There’s Little Energy In Congress For Making Encryption Law

The bill with the highest profile, Burr-Feinstein, is little more than a giveaway to the FBI and NSA.

There’s Little Energy In Congress For Making Encryption Law
[Photo: jgolby via Shutterstock]

Don’t look for Congress to make a law on government access to encrypted data anytime soon. As members rush for the airport before the Memorial Day break, the high-profile standoff between Apple and the FBI over encryption backdoors is likely far from the top of their minds.


After the FBI sought to compel Apple to help it access the iPhone of San Bernardino shooter Syed Farook in mid-February, a flurry of congressional hearings took place, and two powerful senators circulated a bill that would force all companies to provide “back doors” to encrypted user data.

But the FBI has since given up conscripting Apple’s help in two separate cases in two different federal courts–one in San Bernardino and one in Brooklyn–and the issue seems to have lost some of its urgency on the Hill.

So FBI officials and Apple executives, for now, have ceased sparring in editorials, TV interviews, and court filings. But the shelving of the encryption policy debate is caused by more than just that.

Congressman Darrell Issa (R-Calif.) told Fast Company that many members of Congress are still getting educated on the technical aspects of encryption.

Both Rep. Zoe Lofgren (D-Calif.) and Senator Ron Wyden (D-Oregon) explained that many members see no way to codify in law a “middle ground” that satisfies both the data security needs of tech companies and consumers, and the need of government agencies to access that data with a court order.

There probably is no middle ground. Lofgren put it this way: “It’s either a one or a zero; you either have strong encryption or you don’t.”


The widely criticized Burr-Feinstein encryption bill (formal name: The Compliance with Orders Act of 2016), which would create backdoors into stores of private user data, was circulated in a Senate committee April 8 and is still showing little sign of advancing to the Senate floor for a vote.

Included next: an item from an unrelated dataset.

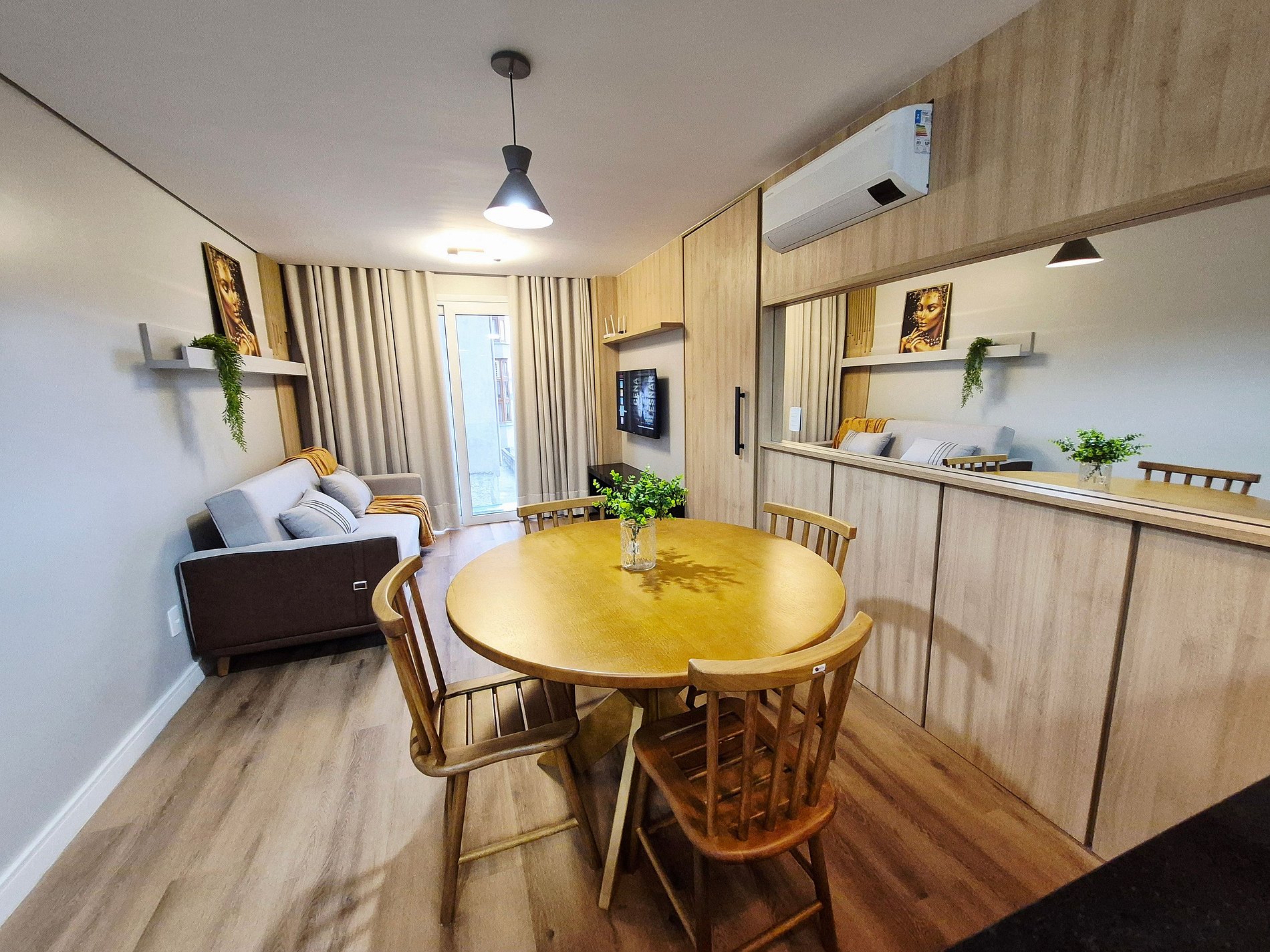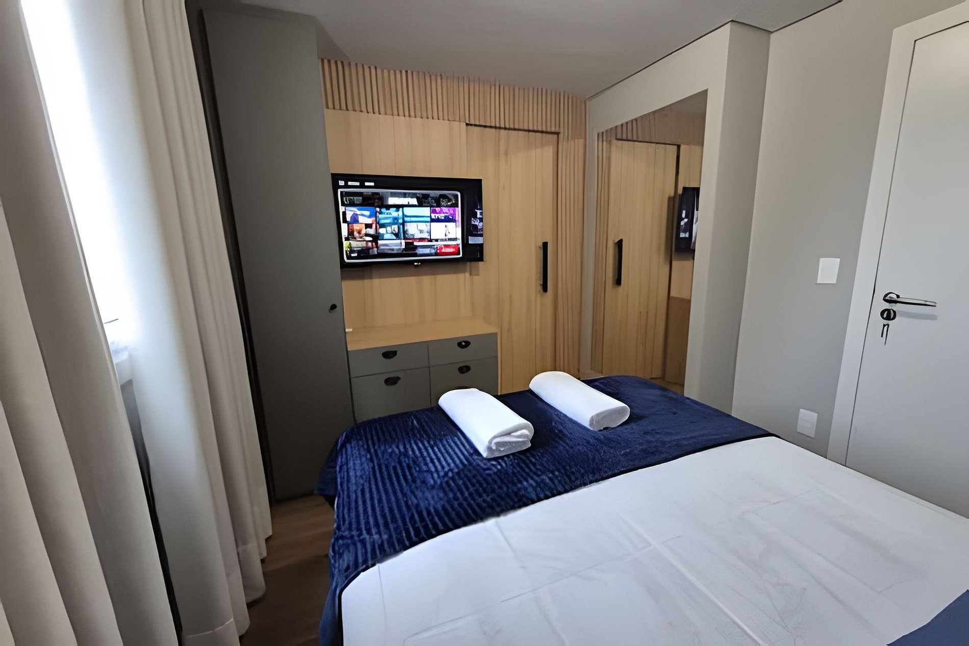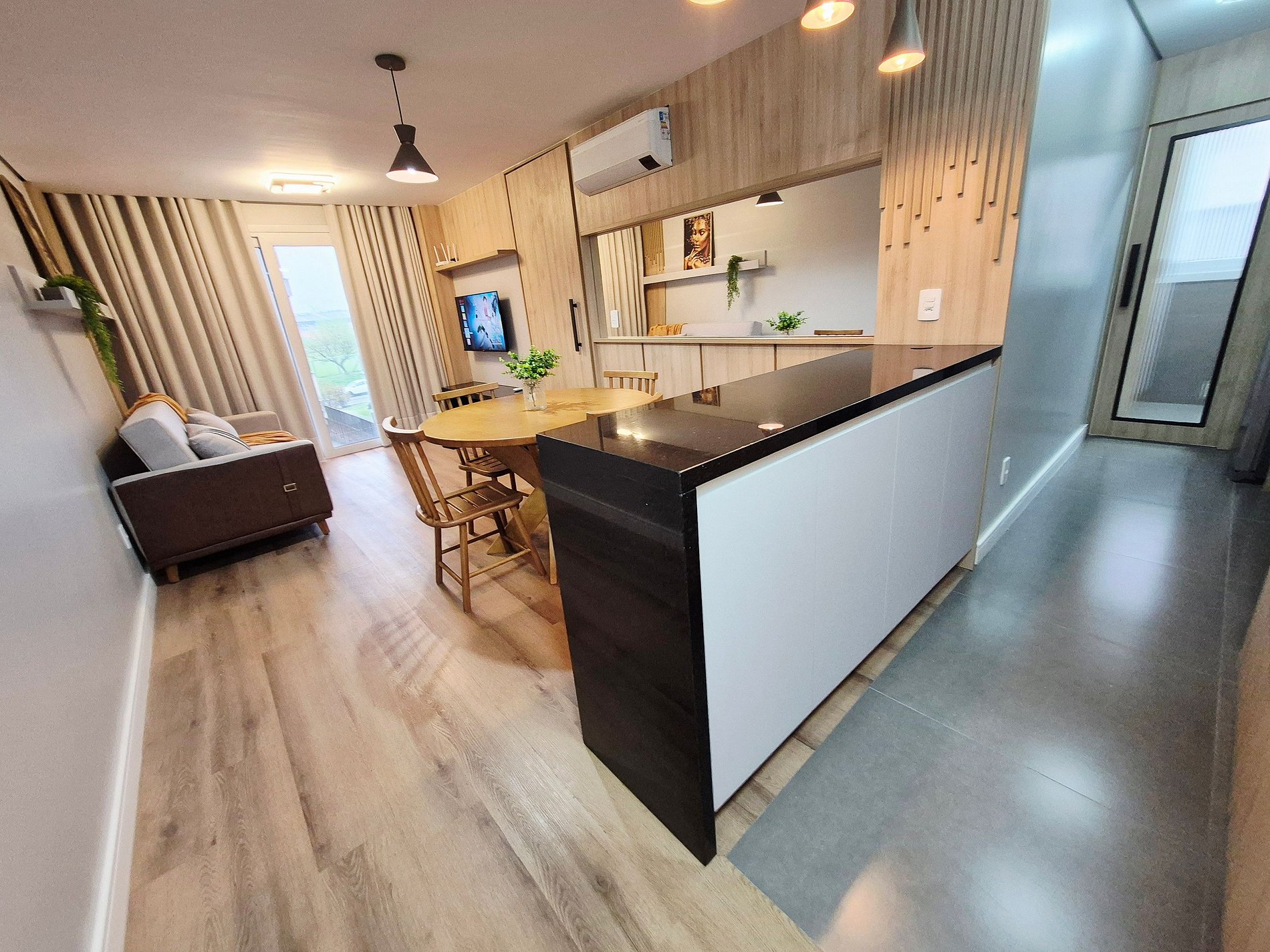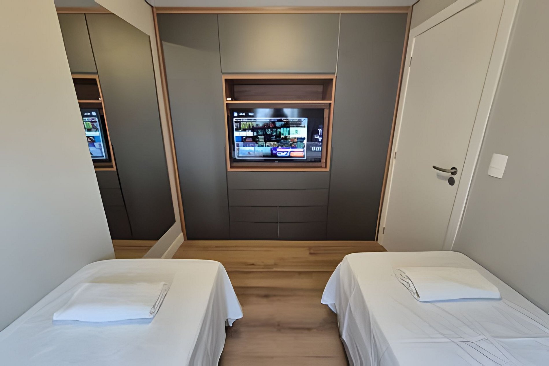 Apartamento de 2 habitaciones, moderno y acogedor, ideal para familias o parejas. Cuenta con una suite con cama matrimonial. El segundo dormitorio es versátil, con 2 camas individuales (que se pueden unir para formar una cama doble). Colchón extra para niño disponible bajo solicitud previa. Aire acondicionado frío/calor en todos los ambientes. Cafetería y supermercado cercanos, además de parques como Selfie Gramado y NBA. Muebles y utensilios de alta calidad garantizan confort y practicidad.

The bill forthrightly places the responsibility on businesses large and small (and not just tech businesses) to build and maintain back doors into encrypted user data at their own expense, so that law enforcement can easily access the data (with a court order) during criminal or national security investigations.

Burr-Feinstein is now languishing in the Senate Intelligence Committee that Burr chairs and Feinstein co-chairs. The two sponsors have the power to bring the bill up for discussion in the committee, but can’t force a vote on the Senate floor. The bill, in its current form, wouldn’t have the votes needed for passage in the Senate, sources say.

Several members of Congress who spoke to Fast Company this week in the Capital say there’s little energy on either side of the aisle for moving the bill forward. Senator Ron Wyden (D-Oregon) told Fast Company this week he’s still planning a filibuster if the bill comes to the floor.

Tech and privacy groups lined up against the bill immediately after it appeared. The New America Foundation Open Technology Institute called it “ludicrous,” “dangerous,” and “technically illiterate.”

“The draft shows how out of touch Senate Intelligence Committee leaders Sens. Burr and Feinstein are with the needs of the American people,” said the Electronic Frontier Foundation.


Senator Feinstein was taken to task for the bill in a stinging editorial in the San Jose Mercury News. “Sen. Dianne Feinstein remains clueless on the technology issues that drive her state’s economy.” On the bill itself, the Merc said: “The Senate should trash it and look somewhere other than California for leadership on this national challenge.”

Burr has his own problems. Suffering from lack of name recognition, he’s in danger of losing his North Carolina senate seat in November.

On the House side, an encryption “work group” (don’t call it a commission) has been formed (Issa and Lofgren both participate) to investigate ways of establishing rules of the road around encryption for private tech companies and law enforcement.

But the group has met only once, and a second meeting has not been scheduled. Staffers are now out doing research and talking to experts on the subject, with the aim of eventually creating a formal report.